● Work to complete: Output the data verbatim, minus the images.

● Recorded data:
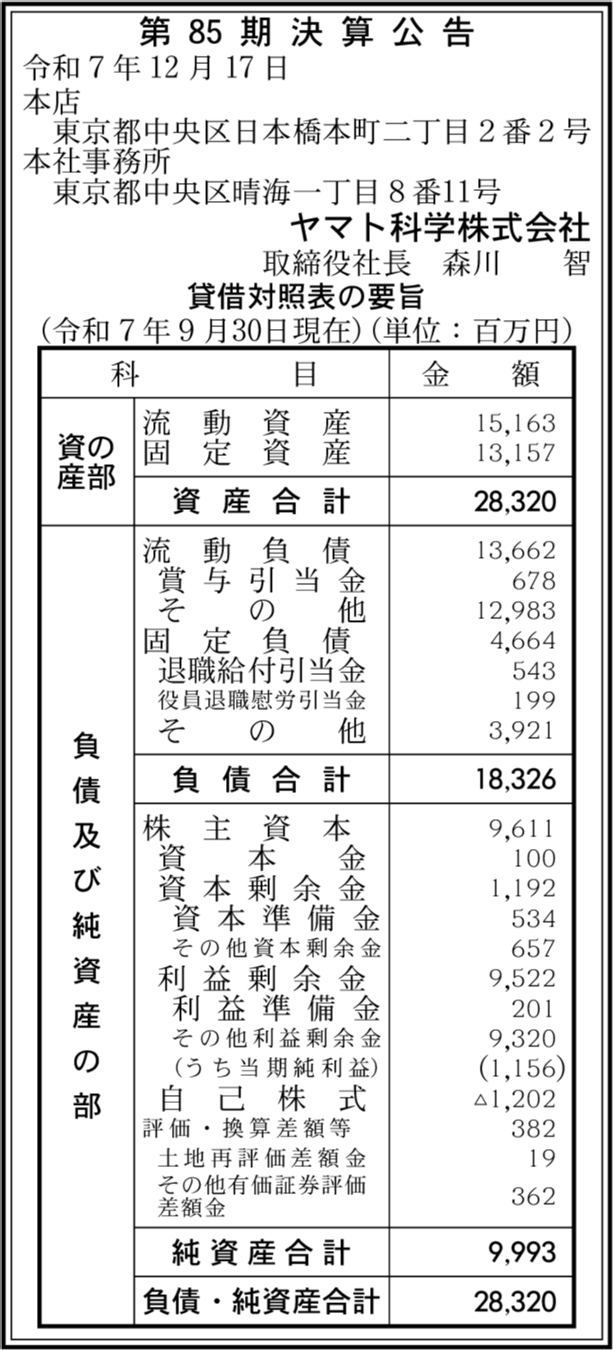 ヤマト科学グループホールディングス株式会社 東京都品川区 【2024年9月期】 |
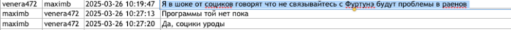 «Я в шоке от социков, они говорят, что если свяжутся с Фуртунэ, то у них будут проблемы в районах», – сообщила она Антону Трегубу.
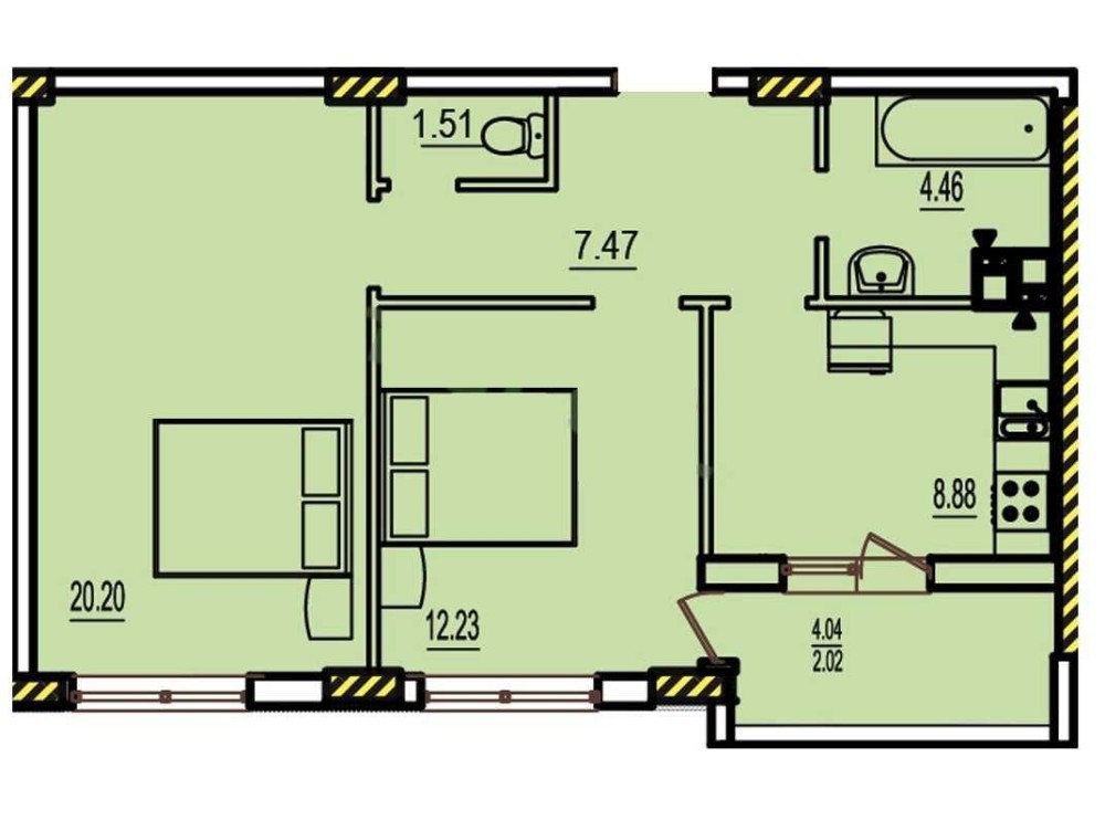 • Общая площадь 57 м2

● Exercise answer:
 ヤマト科学グループホールディングス株式会社 東京都品川区 【2024年9月期】 |
 «Я в шоке от социков, они говорят, что если свяжутся с Фуртунэ, то у них будут проблемы в районах», – сообщила она Антону Трегубу.
 • Общая площадь 57 м2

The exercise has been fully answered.